# do we have enough cap to make a run at shaq



## TheRoc5 (Mar 1, 2005)

i know its a long shot but can you imagine, duncan,shaq,parker,manu... wow
there is a small chance that the heat might not resign him cause of how much he wants do we have enough cap to even try anything


----------



## Carbo04 (Apr 15, 2005)

That would just be unfair. That team would go like 81-1. But no, there is no chance of getting Shaq in SA.


----------



## cpawfan (Jun 20, 2004)

Shaq still hates David Robinson, so I can't see him ever wanting to play for the Spurs. Although, if Shaq has managed to get along with Zo, I guess there is a chance he could learn to get along with someone that isn't an active member of the team.


----------



## Cloud786 (Mar 18, 2005)

lol is that a joke?


----------



## TheRoc5 (Mar 1, 2005)

its his hometown isnt it. and if shaq doesnt sign with the heat then i see where we could make arun at him... mybe im dreamin


----------



## cpawfan (Jun 20, 2004)

Cloud786 said:


> lol is that a joke?


No, it is not. Shaq hates David Robinson. He has mentioned it more than once. It all goes back to when Shaq was in High School. Shaq claims that he got a chance to go visit the Spurs locker room and David Robinson completely blew him off and wasn't at all nice to him.


----------



## TheRoc5 (Mar 1, 2005)

cpawfan said:


> No, it is not. Shaq hates David Robinson. He has mentioned it more than once. It all goes back to when Shaq was in High School. Shaq claims that he got a chance to go visit the Spurs locker room and David Robinson completely blew him off and wasn't at all nice to him.
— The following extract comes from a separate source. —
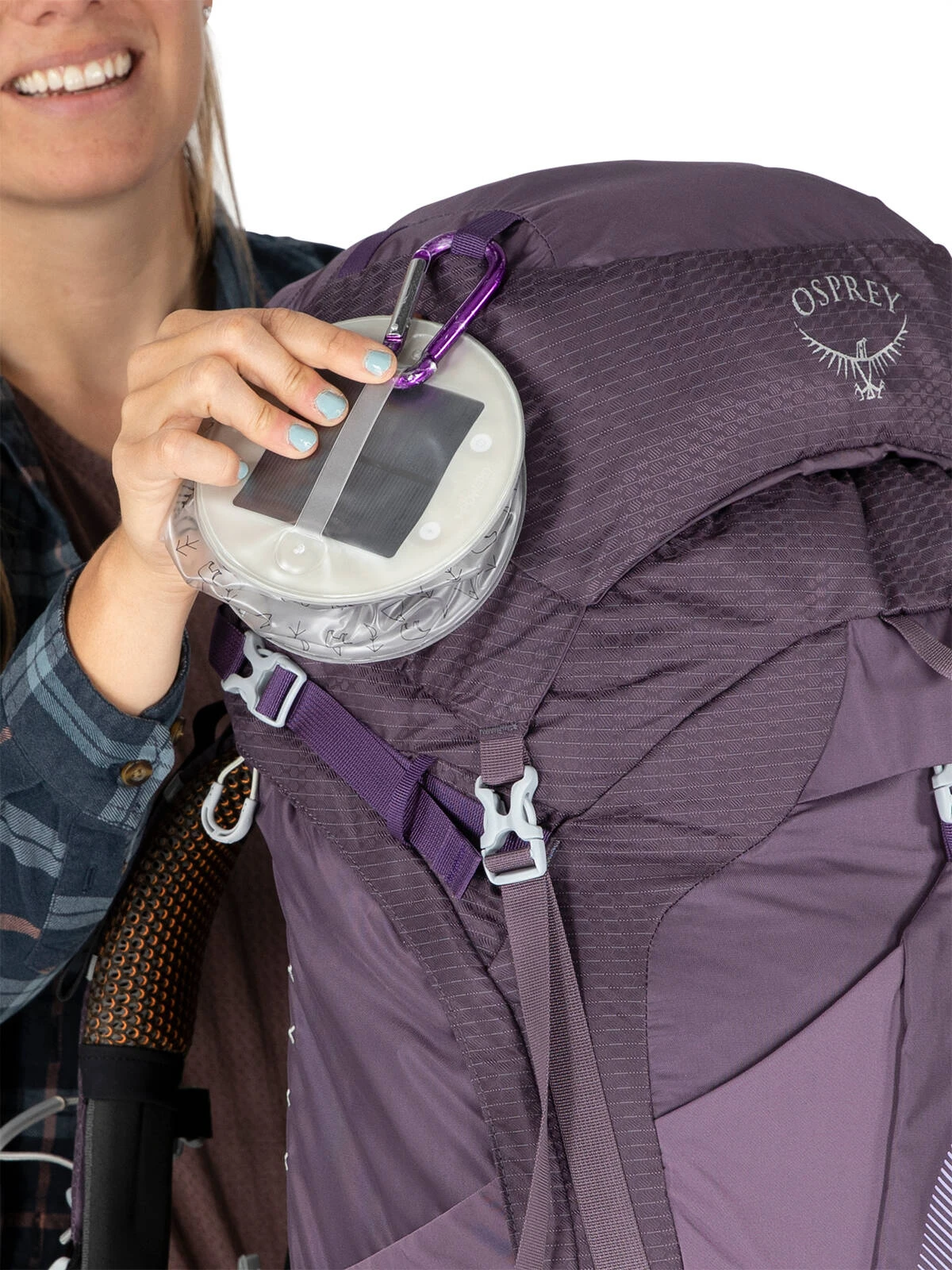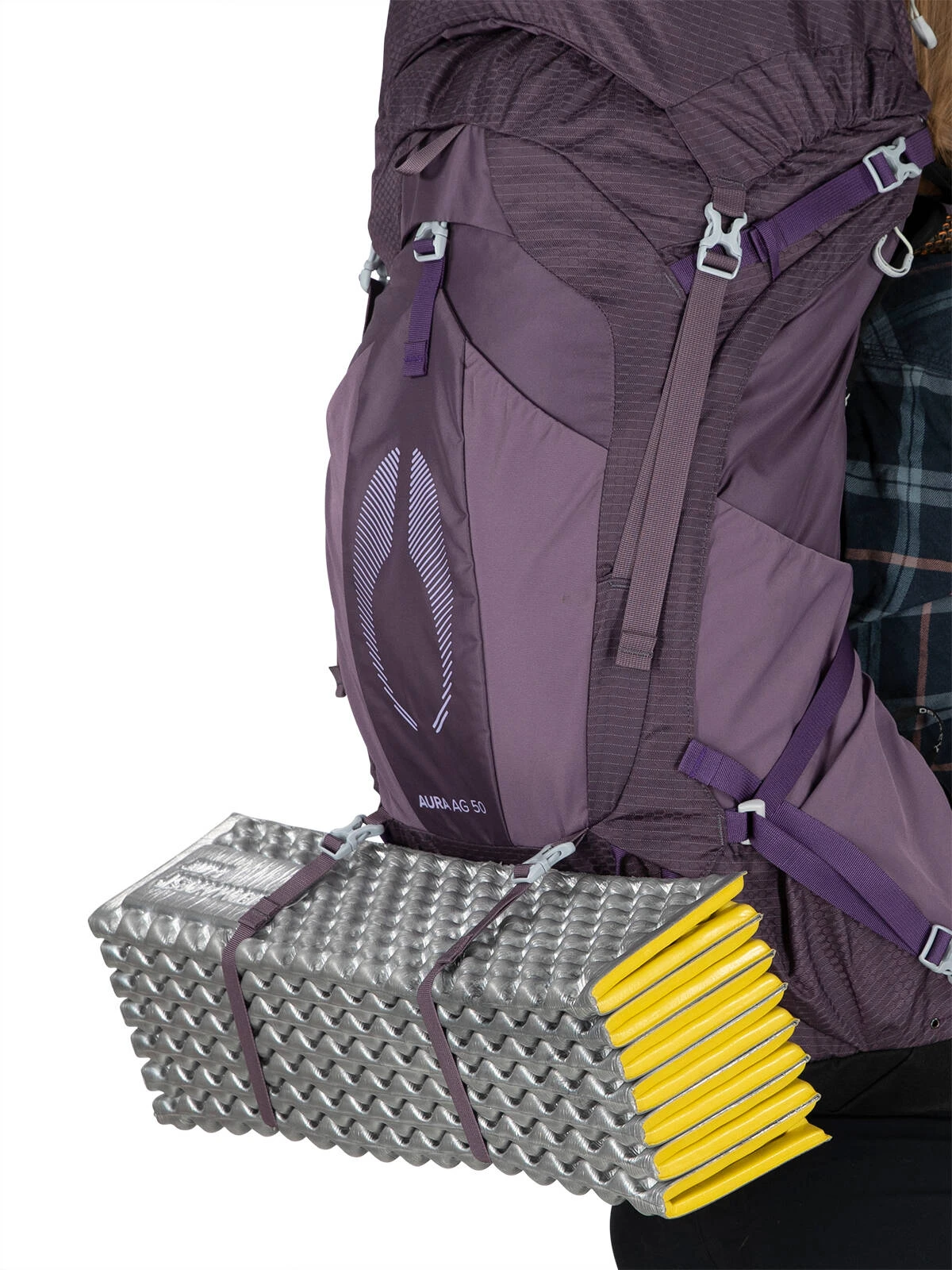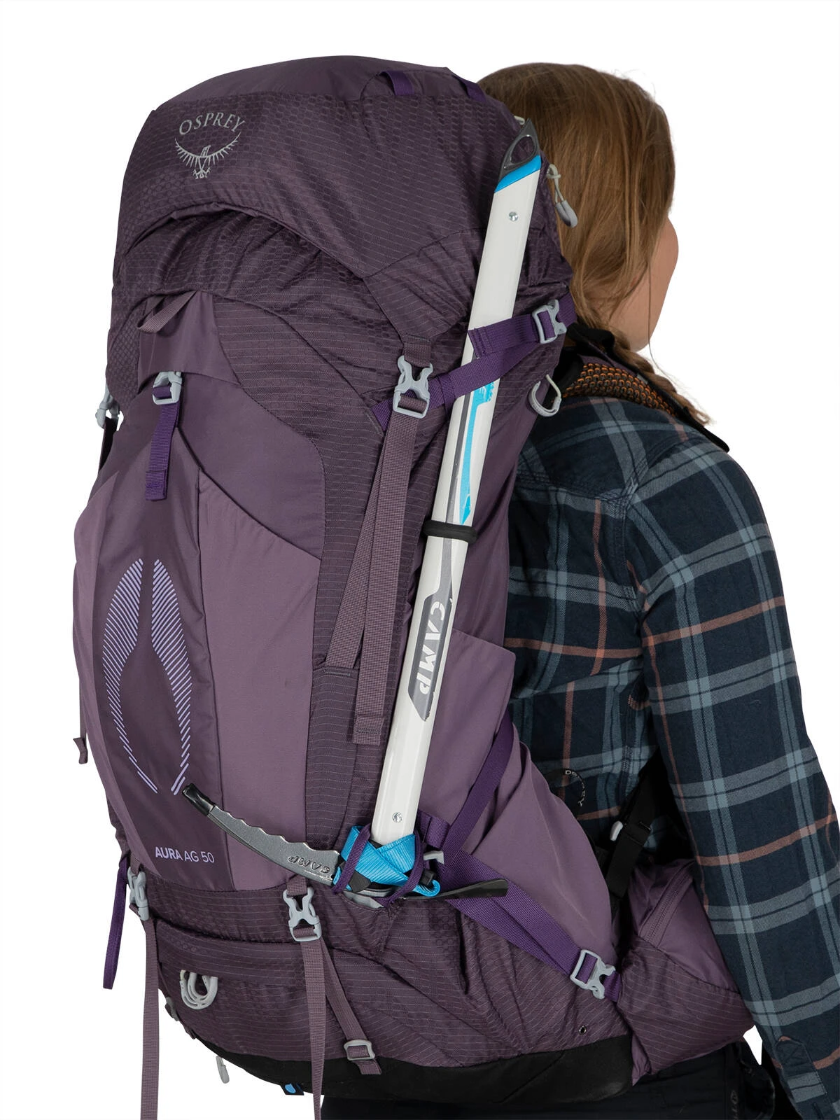 For overnattingsturer over flere dager der oppakningen er lettere, komfort og ventilasjon har høy prioritet og kvinnetilpasset passform er ideelt, velger fjellfolk Aura AG 50. Ryggsystemet AntiGravity har en passform som gir deg følelsen av at tyngdekraften oppheves. Det omfavner ryggen og hoftene dine sømløst med oppspent 3D-formet netting på en måte som gjør at du fort glemmer hvor mye du pakket. Alt utstyret ditt er der fremdeles – det er bare ryggsystemet som er så godt. Brukervennlige sidelommer i elastisk netting, Stow-on-the-Go festesystem for gåstaver, integrert regntrekk og FlapJacket-topp for bruk uten lokk gjør Aura AG 50 til en kompromissløs stor tursekk for kvinner. Laget av 100 % resirkulerte materialer.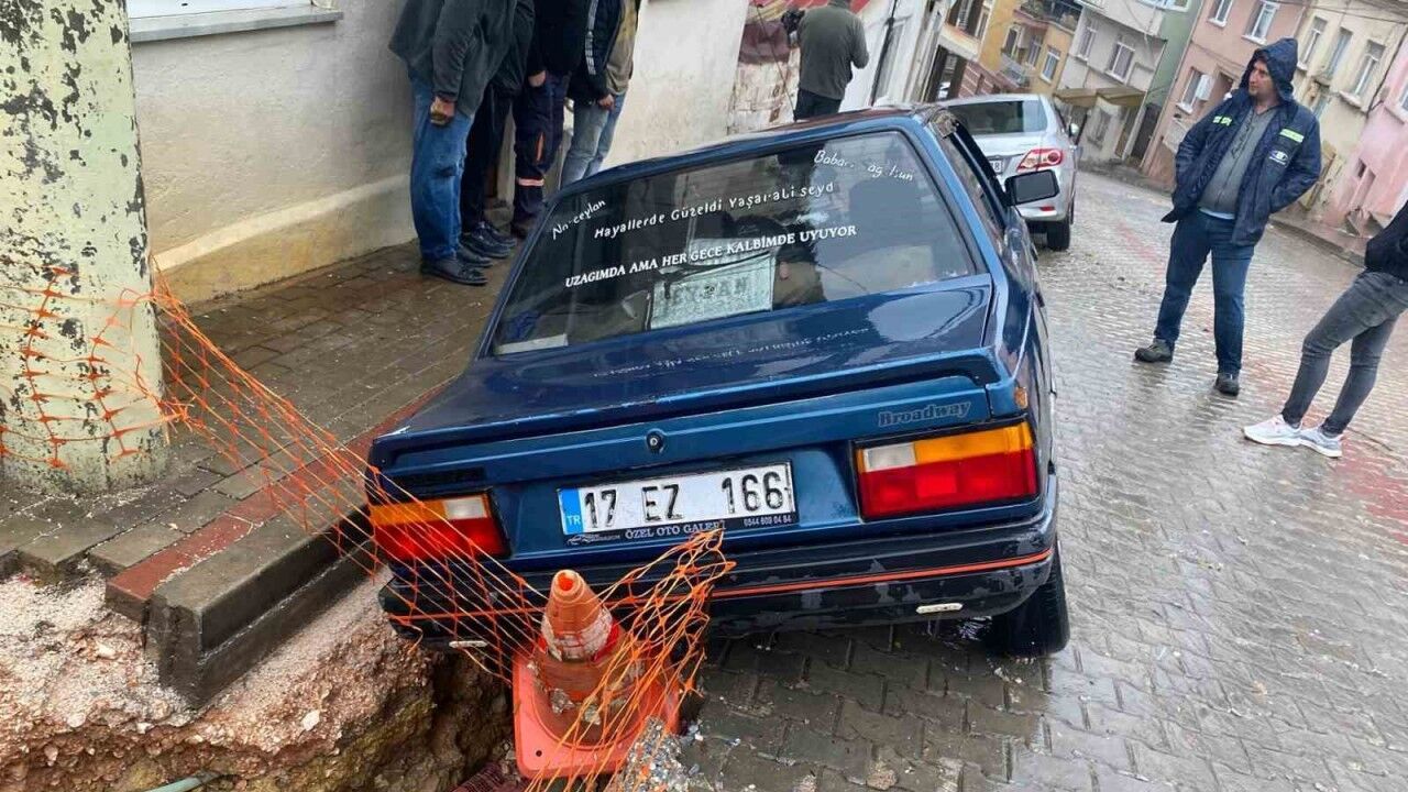 Çanakkale’nin Biga ilçesinde gece boyunca devam eden yağış nedeniyle altyapı çalışması yapılan yol çöktü. 2 otomobil de göçüğün içine düştü.

i think he might be talking about the thread lol


----------



## hobojoe (Jun 20, 2003)

cpawfan said:


> No, it is not. Shaq hates David Robinson. He has mentioned it more than once. It all goes back to when Shaq was in High School. Shaq claims that he got a chance to go visit the Spurs locker room and David Robinson completely blew him off and wasn't at all nice to him.


We all know Shaq's just mad about Robinson's 72 point game on the last game of the season to win the scoring title over him.


----------



## cpawfan (Jun 20, 2004)

hobojoe said:


> We all know Shaq's just mad about Robinson's 72 point game on the last game of the season to win the scoring title over him.


Well, no matter what the reason, Shaq did call him "Punk-*** David Robinson" in his book Shaq Talks Back.



Orlando Sentinel said:


> It is well-documented -- O'Neal even documented it again in his book, Shaq Talks Back -- that O'Neal has little respect for Robinson. He called Robinson "Punk-*** David Robinson" in his book, and mocked his "Goody Two-shoes image." Asked this week what was the one thing O'Neal does that intimidates him, Robinson cracked, "His writing."


The comment about Robinson blowing off Shaq's autograph request when Shaq was in HS was also in the book. However, the strange factual detail is that Robinson's first season 89-90 was when Shaq was a freshman at LSU.


----------



## GNG (Aug 17, 2002)

TheRoc5 said:


> i know its a long shot but can you imagine, duncan,shaq,parker,manu... wow
> there is a small chance that the heat might not resign him cause of how much he wants do we have enough cap to even try anything


......


----------



## KokoTheMonkey (Aug 4, 2003)

Shaq will only be wearing a Spurs uniform in video games. It's never going to happen, and I'm glad. 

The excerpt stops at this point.